[Stored entries]
·····
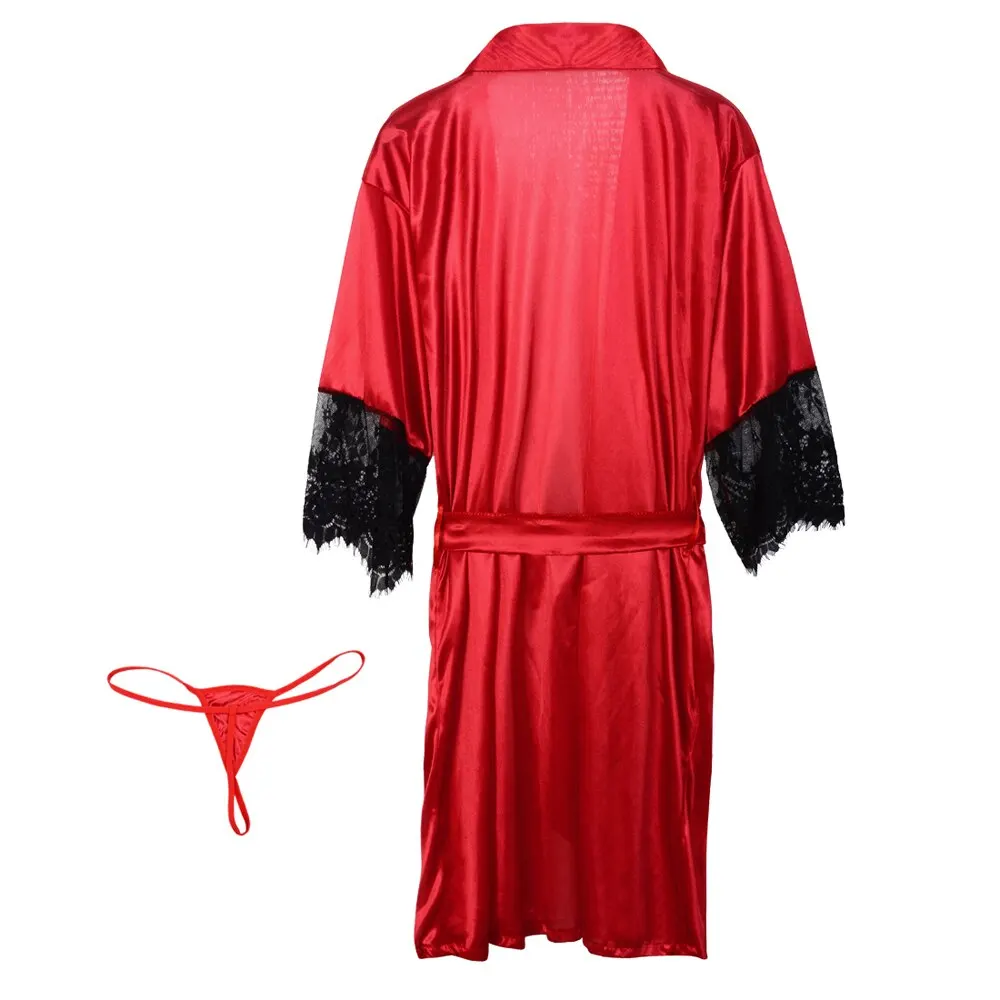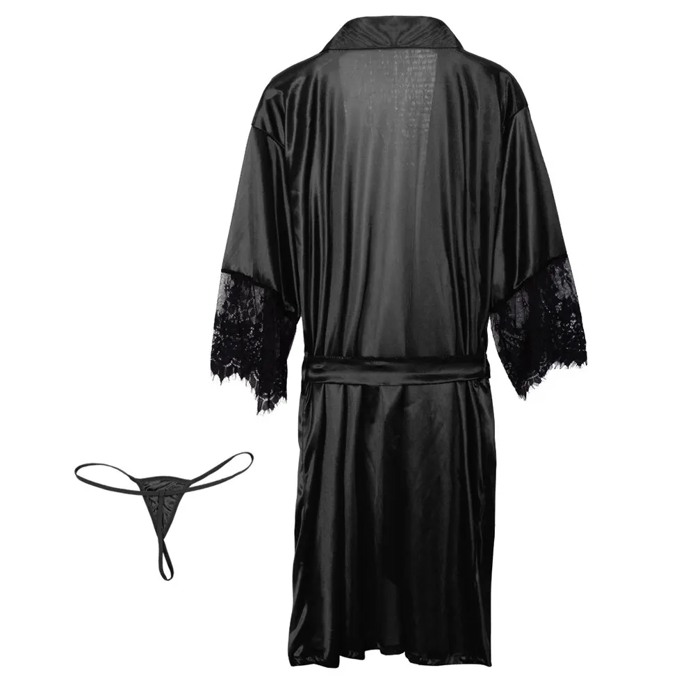 Женское пикантное длинное кимоно, кружевной банный халат, нижнее бе...
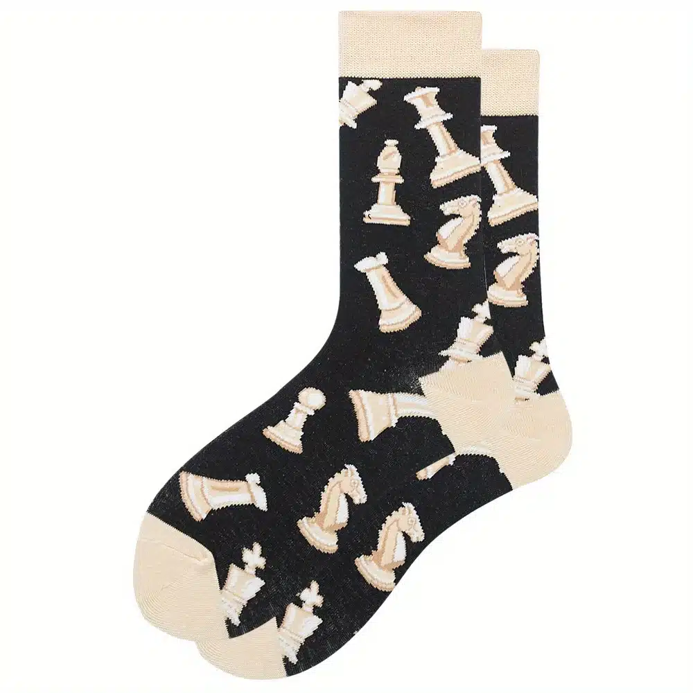 Un échiquier miniature qui habille vos pieds avec élégance. Ces chaussettes aux pièces blanches sur fond noir révèlent votre intelligence stratégique à chaque pas.
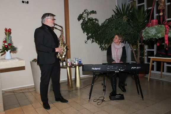 Unter dem Titel „Weihnachtliche Klänge in Text und Ton“ trugen Pfarrerin Silke Kuczera und Prädikantin Astrid Greshake berührende Texte vor, die sich mit der gefühlvollen Musik von Bernadette Vogt am Piano und Markus Vogt am Saxophon abwechselten. So versprach Kuczera zu Beginn „Unsere Liebe zu Gott, zu unseren Mitmenschen und zu uns selbst - das gehört alles zusammen. Dieser Dreiklang soll heute zum Klingen kommen“. Und das tat er - bereits vom ersten Lied an, mit dessen zarten Klängen von „Hört der Engel helle Lieder“ das Ehepaar Vogt die Anwesenden verzauberte.
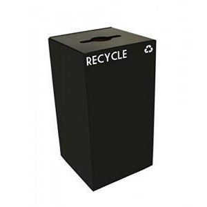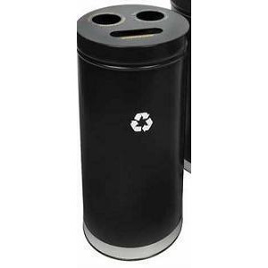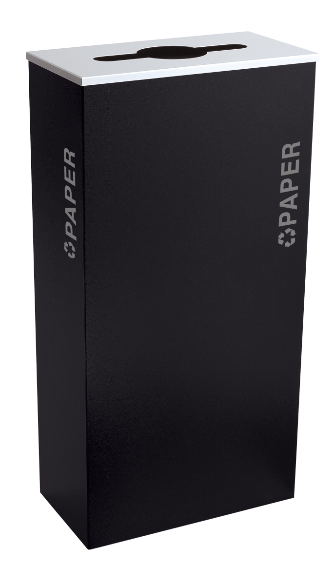 Black Tie series KD 17 gal recycling receptacle, comingle opening, silver Paper decals, platinum lid, pebble black body.
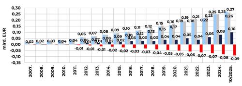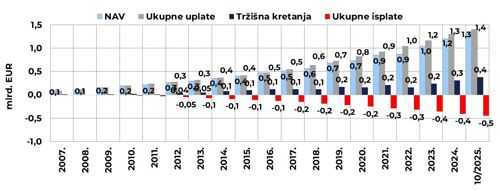 Na kraju listopada 2025. broj članova 8 otvorenih dobrovoljnih mirovinskih fondova (ODMF) povećao se za 0,5 % na mjesečnoj razini, a broj članova 21 zatvorenog dobrovoljnog mirovinskog fonda (ZDMF) za 0,1 % te su spomenuti fondovi imali 437.491 (ODMF) odnosno 50.419 članova (ZDMF). Ukupne uplate u dobrovoljne mirovinske fondove (DMF) u listopadu 2025. iznosile su 12,0 mil. EUR (0,8 % neto imovine s kraja prethodnog mjeseca), što je za 3,4 % više u odnosu na prethodni mjesec. Ukupne isplate iz DMF-ova u listopadu 2025. iznosile su 5,8 mil. EUR, što je na mjesečnoj razini više za 12,5 %. Isplate zbog umirovljenja i ostalih razloga činile su 65,6 %, isplate zbog promjene fonda 24,4 %, a isplate zbog smrti 9,9 % ukupnih isplata u listopadu. Kod ukupnih isplata zbog umirovljenja 1,7 mil. EUR isplaćeno je putem društva (fonda), 1,0 mil. EUR u obliku jednokratnih isplata, a 1,0 mil. EUR transferirano je u mirovinska osiguravajuća društva (MOD-ove). Neto imovina DMF-ova u listopadu povećala se za 20,30 mil. EUR (1,3 % na mjesečnoj razini) te je iznosila 1,6 mlrd. EUR. Mjesečni nominalni prinosi DMF-ova u listopadu su se kretali između 0,3 % i 1,7 %, a prinosi na godišnjoj razini od 2,5 % do 16,2 %. Kod strukture ulaganja DMF-ova najveći dio portfelja čine obveznice (53,2 % imovine), a zatim dionice (27,8 %) te investicijski fondovi (10,6 %). Udio obveznica u ulaganjima DMF-ova povećao se na mjesečnoj razini za 0,1 p.b., a smanjio se udio dionica (za 0,3 p.b.) i udio ulaganja u investicijske fondove (za 0,1 p.b.).
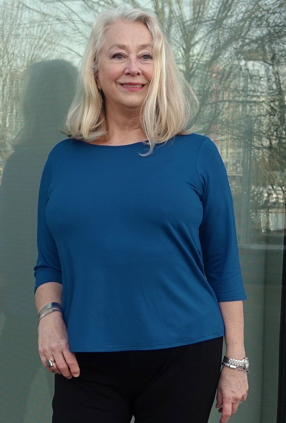 One of our most essential items has to be the Perfect Tee.  A timeless classic with a gentle scoop neck, 3/4 length sleeves, and a hem that hits in just the right spot, the Perfect Tee is just what you need under everything. Of course, it looks great on its' own too.
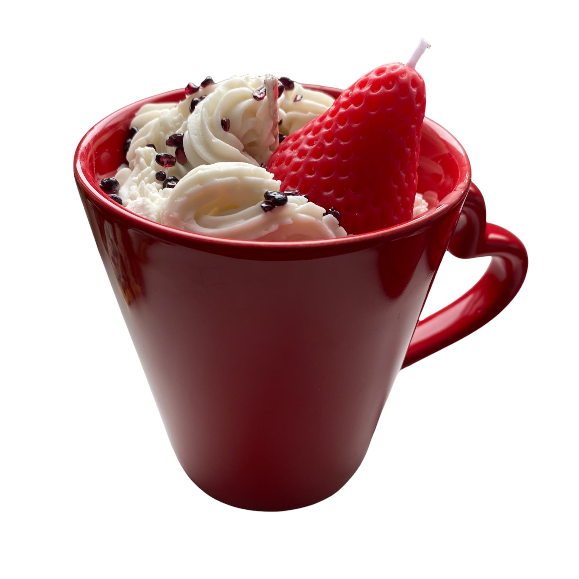 The “Be Mine” candle is double wicked as the strawberry can stand on its own as a tea light candle. It can be removed from the cup or it can stay where it’s placed until the wax has burned out.
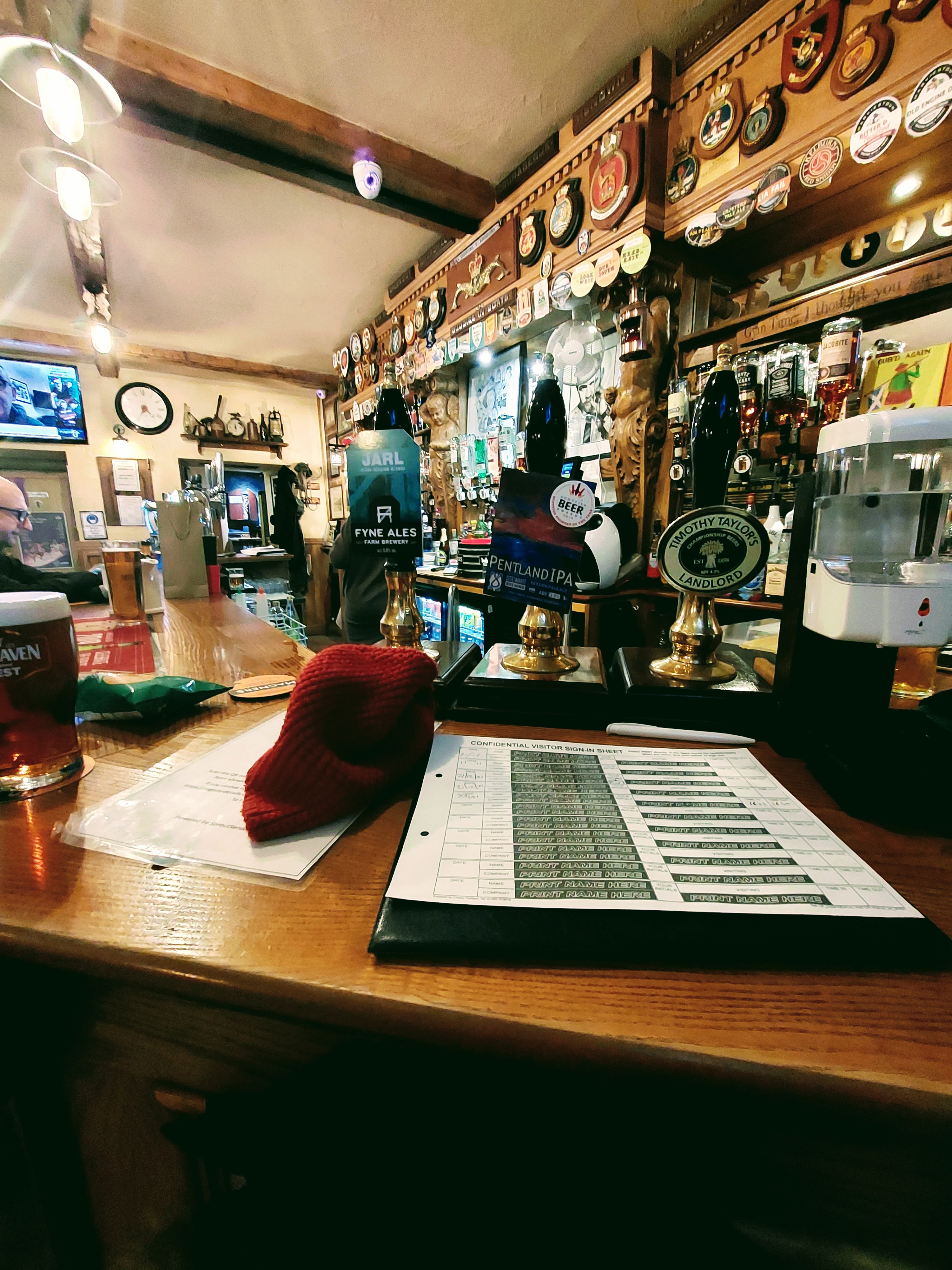 The first pub so far where I’m asked to sign in, surprisingly, but also the most pubby with blokes at the bar and a level of swearing (mostly relating to a daft argument around when the sun comes up) that explains why Sam Smiths never got a foothold here.
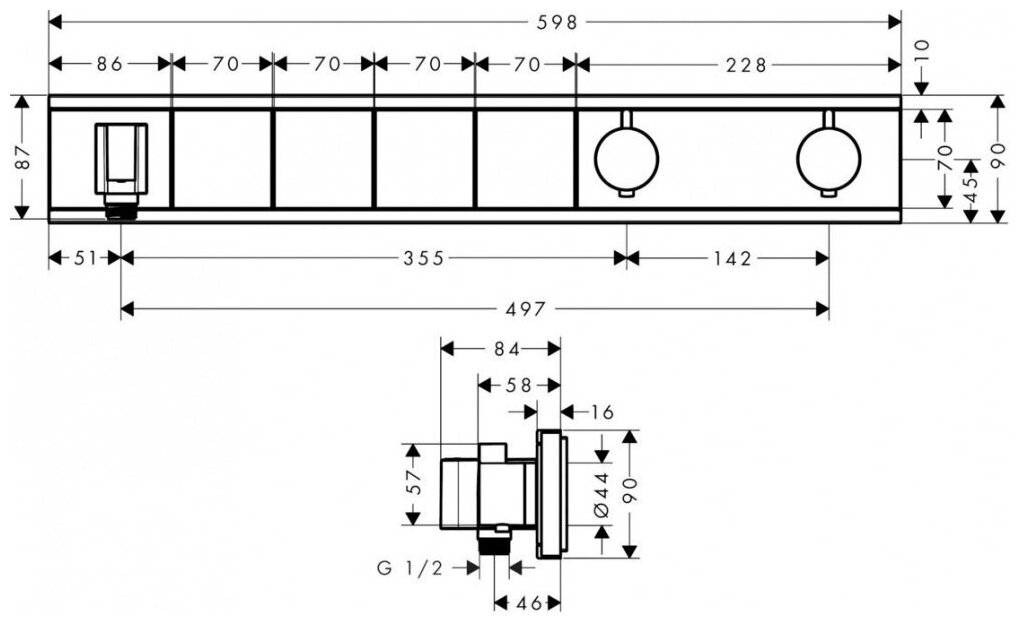 Термостат для ванны Hansgrohe RainSelect 15357000 (внешняя часть)
·····
The entries above are to be repeated in full, except for their pictures.

 Женское пикантное длинное кимоно, кружевной банный халат, нижнее бе...
 Un échiquier miniature qui habille vos pieds avec élégance. Ces chaussettes aux pièces blanches sur fond noir révèlent votre intelligence stratégique à chaque pas.
 Unter dem Titel „Weihnachtliche Klänge in Text und Ton“ trugen Pfarrerin Silke Kuczera und Prädikantin Astrid Greshake berührende Texte vor, die sich mit der gefühlvollen Musik von Bernadette Vogt am Piano und Markus Vogt am Saxophon abwechselten. So versprach Kuczera zu Beginn „Unsere Liebe zu Gott, zu unseren Mitmenschen und zu uns selbst - das gehört alles zusammen. Dieser Dreiklang soll heute zum Klingen kommen“. Und das tat er - bereits vom ersten Lied an, mit dessen zarten Klängen von „Hört der Engel helle Lieder“ das Ehepaar Vogt die Anwesenden verzauberte.
 Black Tie series KD 17 gal recycling receptacle, comingle opening, silver Paper decals, platinum lid, pebble black body.
 Na kraju listopada 2025. broj članova 8 otvorenih dobrovoljnih mirovinskih fondova (ODMF) povećao se za 0,5 % na mjesečnoj razini, a broj članova 21 zatvorenog dobrovoljnog mirovinskog fonda (ZDMF) za 0,1 % te su spomenuti fondovi imali 437.491 (ODMF) odnosno 50.419 članova (ZDMF). Ukupne uplate u dobrovoljne mirovinske fondove (DMF) u listopadu 2025. iznosile su 12,0 mil. EUR (0,8 % neto imovine s kraja prethodnog mjeseca), što je za 3,4 % više u odnosu na prethodni mjesec. Ukupne isplate iz DMF-ova u listopadu 2025. iznosile su 5,8 mil. EUR, što je na mjesečnoj razini više za 12,5 %. Isplate zbog umirovljenja i ostalih razloga činile su 65,6 %, isplate zbog promjene fonda 24,4 %, a isplate zbog smrti 9,9 % ukupnih isplata u listopadu. Kod ukupnih isplata zbog umirovljenja 1,7 mil. EUR isplaćeno je putem društva (fonda), 1,0 mil. EUR u obliku jednokratnih isplata, a 1,0 mil. EUR transferirano je u mirovinska osiguravajuća društva (MOD-ove). Neto imovina DMF-ova u listopadu povećala se za 20,30 mil. EUR (1,3 % na mjesečnoj razini) te je iznosila 1,6 mlrd. EUR. Mjesečni nominalni prinosi DMF-ova u listopadu su se kretali između 0,3 % i 1,7 %, a prinosi na godišnjoj razini od 2,5 % do 16,2 %. Kod strukture ulaganja DMF-ova najveći dio portfelja čine obveznice (53,2 % imovine), a zatim dionice (27,8 %) te investicijski fondovi (10,6 %). Udio obveznica u ulaganjima DMF-ova povećao se na mjesečnoj razini za 0,1 p.b., a smanjio se udio dionica (za 0,3 p.b.) i udio ulaganja u investicijske fondove (za 0,1 p.b.).
 One of our most essential items has to be the Perfect Tee.  A timeless classic with a gentle scoop neck, 3/4 length sleeves, and a hem that hits in just the right spot, the Perfect Tee is just what you need under everything. Of course, it looks great on its' own too.
 The “Be Mine” candle is double wicked as the strawberry can stand on its own as a tea light candle. It can be removed from the cup or it can stay where it’s placed until the wax has burned out.
 The first pub so far where I’m asked to sign in, surprisingly, but also the most pubby with blokes at the bar and a level of swearing (mostly relating to a daft argument around when the sun comes up) that explains why Sam Smiths never got a foothold here.
 Термостат для ванны Hansgrohe RainSelect 15357000 (внешняя часть)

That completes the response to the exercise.